2022小美赛B题The Genetic Process of Sequences序列的遗传过程思路分享
点击链接【2022小美赛数学建模思路分享】:https://jq.qq.com/?_wv=1027&k=pYYvA9gJ
点击链接【2022小美赛数学建模思路分享】:https://jq.qq.com/?_wv=1027&k=pYYvA9gJ
点击链接【2022小美赛数学建模思思路分享】:https://jq.qq.com/?_wv=1027&k=pYYvA9gJ
Sequence homology is the biological homology between DNA, RNA, or protein
sequences, defifined in terms of shared ancestry in the evolutionary history of
life[1]. Homology among DNA, RNA, or proteins is typically inferred from their
nucleotide or amino acid sequence similarity. Signifificant similarity is strong
evidence that two sequences are related by evolutionary changes from a common
ancestral sequence[2].
Consider the genetic process of a RNA sequence, in which mutations in nu
cleotide bases occur by chance. For simplicity, we assume the sequence mutation
arise due to the presence of change (transition or transversion), insertion and
deletion of a single base. So we can measure the distance of two sequences by
the amount of mutation points. Multiple base sequences that are close together
can form a family, and they are considered homologous.
Your team are asked to develop a reasonable mathematical model to com
plete the following problems.
\1. Please design an algorithm that quickly measures the distance between
two suffiffifficiently long(> 103 bases) base sequences.
\2. Please evaluate the complexity and accuracy of the algorithm reliably, and
design suitable examples to illustrate it.
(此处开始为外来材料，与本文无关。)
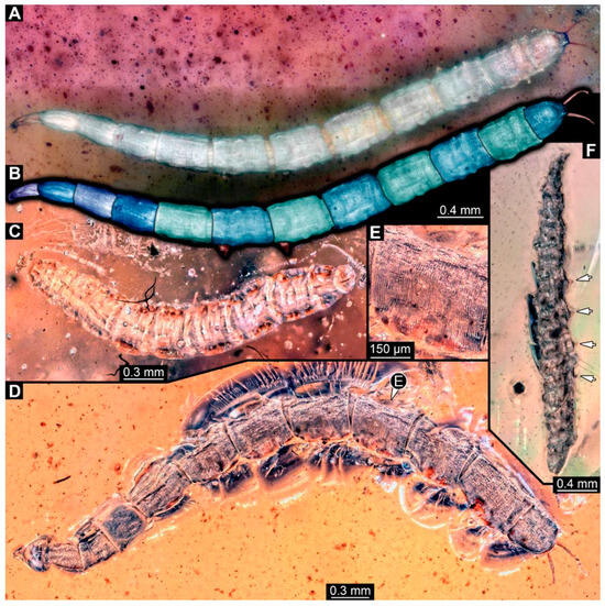 Most specimens represent stratiomyomorphan larvae of morphotype 1. These larvae present autapomorphies of Stratiomiomorpha, such as the distinct mandibular-maxillary complex and integument covered by pellets in a honeycomb pattern. This morphotype can be distinguished from the others by the slenderer body, presence of long triangular spines on the tergites, and smaller rounded spines on the sternites (detailed description in [10,19]). In total 26 specimens were examined: PED 1606 (Figure 2A), 1832 (Figure 2B,C), 1834 (Figure 2D,E), 1861 (Figure 3A, 5 specimens), 1880 (Figure 3E), 1892 (Figure 3C,D), 1893 (Figure 3B), 1938 (Figure 4A), 1943 (Figure 4D), 1963 (Figure 4C), 1965 (Figure 4B), 2233-1 (Figure 5A), 2233-2 (Figure 5B), 2450 (Figure 5C, 2 specimens), 2651 (Figure 5D), 2659 (Figure 6D), 3509-1 (Figure 6A), 3509-2 (Figure 6B), 3509-3 (Figure 6C), 3509-4 (Figure 6C), and 3650 (Figure 7F).

\3. If multiple base sequences in a family have evolved from a common an
cestral sequence, design an effiffifficient algorithm to determine the ancestral
sequence, and map the genealogical tree.
References
[1] Koonin EV. “Orthologs, paralogs, and evolutionary genomics”. Annual Re
view of Genetics. 39: 30938, 2005.
[2] Reeck GR, de Han C, Teller DC, Doolittle RF, Fitch WM, Dickerson RE,
et al. “Homology” in proteins and nucleic acids: a terminology muddle and
a way out of it. Cell. 50 (5): 667, 1987
序列同源性是DNA、RNA或蛋白质序列之间的生物学同源性,根据生命进化史中的共
同祖先定义。DNA、RNA或蛋白质之间的同源性通常是从它们的核苷酸或氨基酸序列
的相似性中推断出来的。显著的相似性有力地证明了两个序列与一个共同的祖先序
列[2]的进化变化相关。
考虑一个RNA序列的遗传过程,其中核苷酸碱基的突变是偶然发生的。为简单起
见,我们假设序列突变是由于单个碱基的变化(过渡或转换)、插入和删除而引起
的。所以我们可以用突变点的数量来测量两个序列的距离。紧密相连的多个碱基序
列可以形成一个家族,它们被认为是同源的。
您的团队被要求开发一个合理的数学模型来完成以下问题。
1 . 请设计一个算法,可以快速测量两个足够长的距离之间的距离(>10 3碱基序
列。
2.请可靠地评估算法的复杂度和准确性,并设计合适的例子来说明它。
3.如果一个家族中的多个碱基序列是从一个共同的祖先序列进化而来的,则设
计一种有效的算法来确定祖先序列,并绘制系谱树。